Проснулись молодые люди уже к вечеру, когда жара начала спадать; но Стороженко все-таки выкупался еще в река, чтобы окончательно освежиться, после чего они в челноке переправились обратно на тот берег, где стояла хата Остапа и Марты.
Когда они подошли к хате, то застали на завалинке одного Остапа; Марты не было видно: либо занялась в доме хозяйством, либо укладывала спать своего ненаглядного Аверка. Остап, сидевший в каком-то раздумье, при приближении двух паничей встрепенулся; когда же Гоголь приятельски подсел к нему и искусными расспросами затронул в душе его сочувственные ноты, флегматик-малоросс совсем повеселел и по душе разговорился. Откуда у него и истории брались одна другой забавней! Гоголь подбодрял его, смеясь, хлопая в ладоши притопывая ногами; по временам же наскоро вписывал то, другое в свою карманную записную книжку.
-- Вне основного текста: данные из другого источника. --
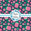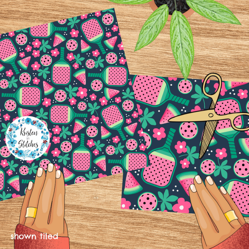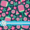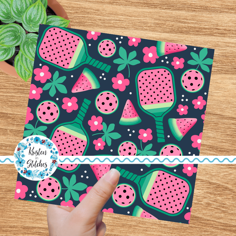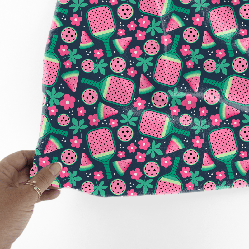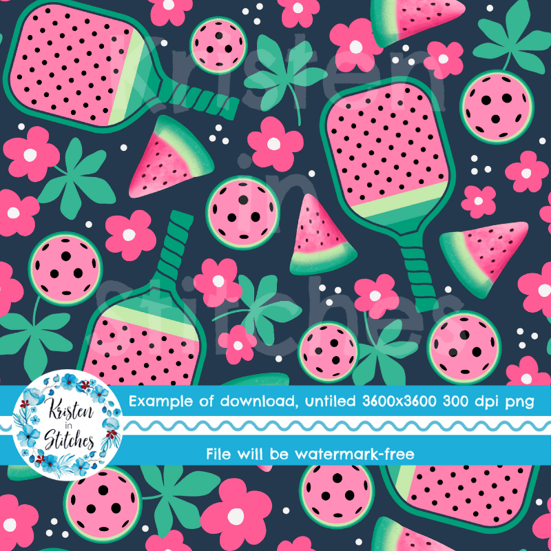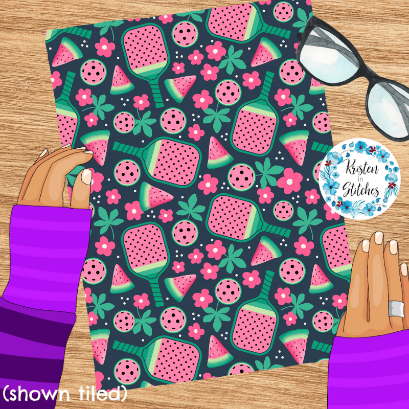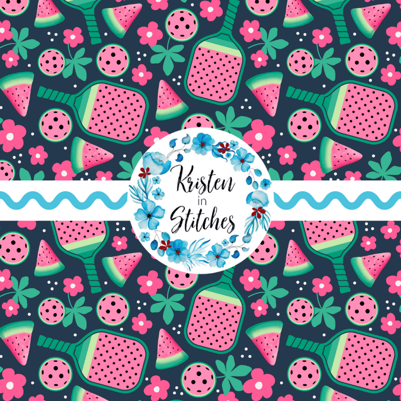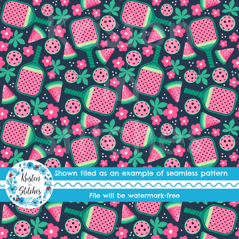 Pink Watermelon Pickleball Seamless Pattern, Paddles and Balls, Navy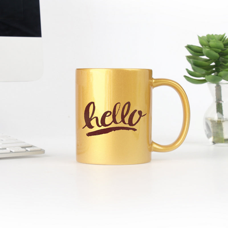 The Hello Hand Lettering Gold & Silver Mug features a unique one or two-sided design, allowing you to choose how you want to showcase its beauty. The gold metallic coating adds a luxurious touch, making it an ideal gift for special occasions or a treat for yourself. Whether you're enjoying your morning coffee or sipping tea in the afternoon, this mug is sure to impress.
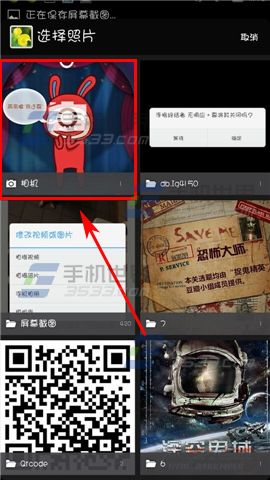 2)选择自己拍摄视频的位置【手机相册】点击一下,点击自己要上传的视频或相片。(如下图)
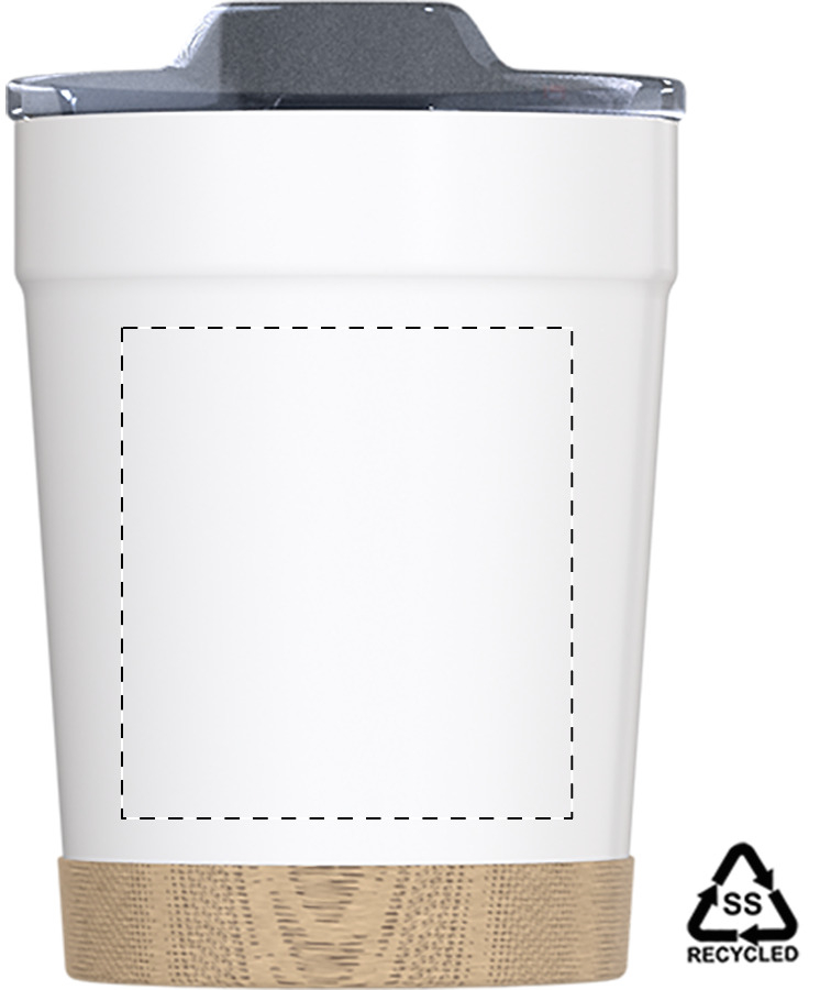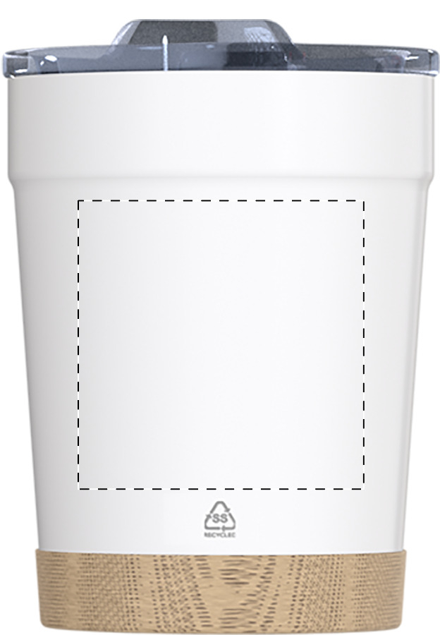 Bicchiere termico da 300ml. a doppia parete, in acciaio inox riciclato con base in bambù e coperchio in plastica AS.

– А не пора ли нам и до дому? – напомнил, наконец, Стороженко.
– Помилуйте, – воскликнул Гоголь, – да это живая книга, клад! Я готов его слушать трое суток сряду, не спать, не есть.
– Но Иван Федорович может нас хватиться: не очень-то вежливо, знаете, пропадать столько времени из его дома.
Гоголь со вздохом сожаления приподнялся с завалинки и попросил Остапа передать поклон его Марте.
– Марто! Гей, Марто! – крикнул Остап.
Марта немедленно явилась на зов, и оба супруга самым дружеским образом проводили теперь «богомерзких школяров» через леваду прежним путем к месту перелаза.
– Прощайте, панычи! Помогай вам Боже на все доброе!
… – Что за цельная натура! Что за рассказ! – продолжал Гоголь восхищаться Остапом, когда они со Стороженко поднимались в гору к усадьбе Ивана Федоровича. – Точно вынет из-под полы человека, поставит перед тобою и заставит говорить!
Полнокровному Стороженко было не до восхищения: когда добрались до садовой ограды, он едва мог уже дух перевести от одышки, а пот лил с него в три ручья. Между тем барышни потеряли, видно, всякую надежду на своих молодых кавалеров: из-за ограды доносились звонкий крик и визг.
– В горелки играют! – сообразил Гоголь. – Давай Бог ноги!
И в обход сада ему действительно удалось проскользнуть к флигелю, а оттуда и в главное здание.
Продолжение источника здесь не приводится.